A blast from the past, from my pre-website Voice years, just in time for Christmas:

    "We all pretend the rainbow has an end/and you’ll be there my friend someday..." And so goes the chilling, enigmatic bridge verse to "There’s Always Tomorrow," the key ballad in boomer America’s most protean air burst of televised Christmas mythology, 1964's Rudolph the Red-Nosed Reindeer. The first and most resonant of the CBS-broadcast holiday puppet passions, this deep-dish freakazoid may not be the greatest find in AMMI’s "Wishing You an Animated Christmas" series starting Dec. 20 (that would be Lev Atmantov’s 1957 restored The Snow Queen), but it is, metaphorically speaking, the mother lode.

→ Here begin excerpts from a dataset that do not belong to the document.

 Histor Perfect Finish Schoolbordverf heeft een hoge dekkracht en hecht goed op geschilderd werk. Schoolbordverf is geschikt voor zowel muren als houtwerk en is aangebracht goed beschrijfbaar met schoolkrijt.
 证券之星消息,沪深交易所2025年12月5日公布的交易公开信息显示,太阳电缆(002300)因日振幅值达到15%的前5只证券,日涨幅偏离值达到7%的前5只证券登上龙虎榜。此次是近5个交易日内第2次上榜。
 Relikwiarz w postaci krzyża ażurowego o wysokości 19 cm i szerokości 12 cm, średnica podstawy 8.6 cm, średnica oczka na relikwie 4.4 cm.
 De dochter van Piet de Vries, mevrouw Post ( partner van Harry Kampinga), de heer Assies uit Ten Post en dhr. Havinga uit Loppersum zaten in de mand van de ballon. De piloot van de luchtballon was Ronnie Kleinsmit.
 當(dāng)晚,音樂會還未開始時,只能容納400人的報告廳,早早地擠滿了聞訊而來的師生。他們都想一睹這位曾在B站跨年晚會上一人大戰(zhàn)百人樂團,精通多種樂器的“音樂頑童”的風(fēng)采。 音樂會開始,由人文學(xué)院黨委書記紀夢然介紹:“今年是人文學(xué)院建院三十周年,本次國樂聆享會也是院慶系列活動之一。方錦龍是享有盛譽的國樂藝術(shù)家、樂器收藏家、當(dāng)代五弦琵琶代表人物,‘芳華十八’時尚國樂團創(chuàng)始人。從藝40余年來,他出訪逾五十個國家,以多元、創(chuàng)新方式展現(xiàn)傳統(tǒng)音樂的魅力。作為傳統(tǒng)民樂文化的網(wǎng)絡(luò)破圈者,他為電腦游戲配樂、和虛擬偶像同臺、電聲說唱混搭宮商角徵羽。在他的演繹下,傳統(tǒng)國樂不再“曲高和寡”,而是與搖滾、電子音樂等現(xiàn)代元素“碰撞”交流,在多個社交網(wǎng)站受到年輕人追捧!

    Nearly all Christmas tales, from Dickens on down to Jingle All the Way, are capitalist parables at heart — it’s what Christmas is all about, to quote Linus Van Pelt out of context — and Rudolph is as Adam Smithian in its politics as it is Jack Smithian in its nutlog extrapolation of the Johnny Marks’s original carol. Like it or not, the story’s dynamics hinge on the North Pole’s alarming reindeer unemployment problem — only eight tenured positions and so many applicants. Rudolph begins as a mutant (born too close to the factory?), and is quickly deemed an unprofitable embarrassment by everyone from his Member of the Board dad Donner to Santa himself, the unforgiving nabob at the local industry’s helm. "Shame on you," Santa tells Donner —not for hiding Rudolph, but for having him at all.

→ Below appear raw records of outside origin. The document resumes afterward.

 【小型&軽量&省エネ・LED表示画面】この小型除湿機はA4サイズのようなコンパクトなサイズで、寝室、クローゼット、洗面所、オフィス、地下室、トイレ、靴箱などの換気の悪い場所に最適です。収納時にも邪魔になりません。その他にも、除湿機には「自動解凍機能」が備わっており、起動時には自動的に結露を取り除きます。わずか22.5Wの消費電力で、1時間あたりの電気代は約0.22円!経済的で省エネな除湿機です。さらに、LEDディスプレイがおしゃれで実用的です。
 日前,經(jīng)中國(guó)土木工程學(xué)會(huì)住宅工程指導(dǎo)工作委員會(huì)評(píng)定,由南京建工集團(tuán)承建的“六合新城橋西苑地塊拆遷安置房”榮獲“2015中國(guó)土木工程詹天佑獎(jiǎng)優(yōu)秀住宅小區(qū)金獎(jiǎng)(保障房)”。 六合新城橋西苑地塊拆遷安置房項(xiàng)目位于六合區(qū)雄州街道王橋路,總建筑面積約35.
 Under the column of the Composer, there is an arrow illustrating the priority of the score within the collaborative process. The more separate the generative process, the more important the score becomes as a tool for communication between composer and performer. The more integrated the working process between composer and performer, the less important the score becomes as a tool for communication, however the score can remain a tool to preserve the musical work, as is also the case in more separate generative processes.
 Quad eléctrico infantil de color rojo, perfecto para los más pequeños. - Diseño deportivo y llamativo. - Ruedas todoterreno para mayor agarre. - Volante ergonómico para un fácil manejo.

    While a snowman sings "Silver and Gold," Rudolph tries to prove himself worthy of cost-effective membership in the machine despite his "noncomformity," all the while skirting the advances of the Abominable Snow Monster — the subSiberian Cold War specter of Communism. A spry little Horatio Alger, Rudolph embarks on an odyssey of self-discovery until Santa, focused as always on efficient trade practice, realizes how he might profit from Rudolph’s inflamed uniqueness and enthusiastically formulates a new frontline team position for the young buck. "I knew that nose would turn out to be useful!" an ass-protecting Donner exclaims, and Rudolph becomes Christmastown’s first freelance consultant. But his is a per project application — won’t Rudolph get laid off when the weather is clear?

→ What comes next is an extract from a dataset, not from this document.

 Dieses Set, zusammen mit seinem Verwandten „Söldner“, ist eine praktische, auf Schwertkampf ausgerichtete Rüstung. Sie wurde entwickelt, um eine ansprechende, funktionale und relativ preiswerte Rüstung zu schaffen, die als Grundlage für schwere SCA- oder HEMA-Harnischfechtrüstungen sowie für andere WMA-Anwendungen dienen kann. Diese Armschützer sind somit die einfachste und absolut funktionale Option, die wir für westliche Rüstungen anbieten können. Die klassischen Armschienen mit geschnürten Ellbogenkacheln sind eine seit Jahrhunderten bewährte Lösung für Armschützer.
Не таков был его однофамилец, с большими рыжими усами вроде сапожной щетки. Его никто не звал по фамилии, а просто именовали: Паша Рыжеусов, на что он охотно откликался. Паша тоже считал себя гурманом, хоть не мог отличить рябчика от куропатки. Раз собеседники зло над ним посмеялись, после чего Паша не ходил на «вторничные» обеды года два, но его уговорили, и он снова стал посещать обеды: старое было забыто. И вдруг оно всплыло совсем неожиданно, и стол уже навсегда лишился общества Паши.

    Along the way, Hermie the Elf Dentist evokes the obsolete craftsman losing his soul on the Industrial Revolution assembly line (complete with barking foreman), and Yukon Cornelius embodies the pre-industrial entrepreneur scrambling after the American Dream, penniless, semi-deranged and running amok in the wilderness. The Island of Misfit Toys — a kind of fascistic monarchy of capitalist castoffs eventually rescued from a gainless limbo — is clearly Cuba. Fearlessly righteous, the narrative assures us that every sensibility, even the finally toothless shell of Communism, can be folded successfully into the system.

    But there's a price to be paid: during the end credits, the gift-delivering elf aboard Santa’s sleigh throws a bird overboard without an umbrella — not knowing the bird is a misfit toy and cannot fly. It’s never been said that mass production wouldn’t have casualties, only that we shouldn’t care. What’s more vital is Rudolph’s expression of rampant Americanism: not simply to join, but to lead.